A density function is a mathematical representation of how mass is distributed over a given area or volume. It's crucial for calculating mass properties such as the center of mass. In this problem, the density function is defined as \(\delta(x, y) = x^2 + y^2 +1\ lb/in^2\). This tells us that the density at any point \((x, y)\) on our lamina alters based on its coordinates.
Density functions can be simple or complex, depending on how the mass varies over the region considered. By integrating this density function over the region defined, we compute the total mass of the lamina, which is a necessary step in determining other physical properties like the center of mass.

Integration

Integration is a core concept in calculus that allows us to find quantities like area, volume, and total mass. It is particularly useful for problems involving variable densities, like the one in this exercise. Through integration, we can sum an infinite number of infinitesimally small parts to find a whole quantity.

• In the exercise, we set up integrals to find the mass of the lamina: \(M = \int_{0}^{1} \int_{0}^{1-x} (x^2 + y^2 + 1) \, dy \, dx\).
• The strategy involves evaluating inner and outer integrals to compute the overall mass.

By breaking the integration into manageable parts and addressing each component step by step, we ensure accurate calculation of both mass and moments, which are fundamental to understanding how the entire system behaves.

Coordinate Geometry

Coordinate geometry, also known as analytic geometry, pairs algebra with geometry, allowing us to solve geometrical problems with mathematical tools.

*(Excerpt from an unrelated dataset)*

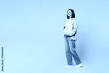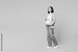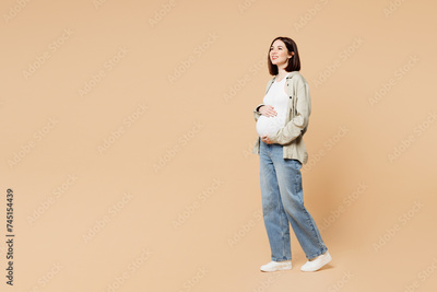 Full body side view young minded pregnant woman future mom in grey shirt with belly stomach stroking put hand on tummy with baby isolated on plain beige background Maternity family pregnancy concept

In our problem, we consider a triangular region in a plane defined by three points: \((0,0), (1,0), (0,1)\).
The advantage of coordinate geometry is its ability to simplify complex calculus problems involving spatial figures. The vertices of the triangle define the region of interest, and the use of coordinates allows us to apply integration over this specific area.

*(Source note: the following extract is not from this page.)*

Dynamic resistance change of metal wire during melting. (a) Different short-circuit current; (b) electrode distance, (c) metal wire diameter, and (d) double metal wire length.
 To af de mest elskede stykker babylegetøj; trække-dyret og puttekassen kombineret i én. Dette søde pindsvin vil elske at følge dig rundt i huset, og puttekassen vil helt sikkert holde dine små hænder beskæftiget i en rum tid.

• With the vertices known, we set boundaries for integration, crucial for calculating the mass and centre of mass efficiently.
• This precision helps with accurate computations, ensuring the integration limits truly reflect the shape and size of the region.

Through coordinate geometry, we can leverage formulas like the area of a triangle \(\frac{1}{2} \times \text{base} \times \text{height}\) to facilitate and validate our calculations, aligning algebraic techniques with geometric understanding.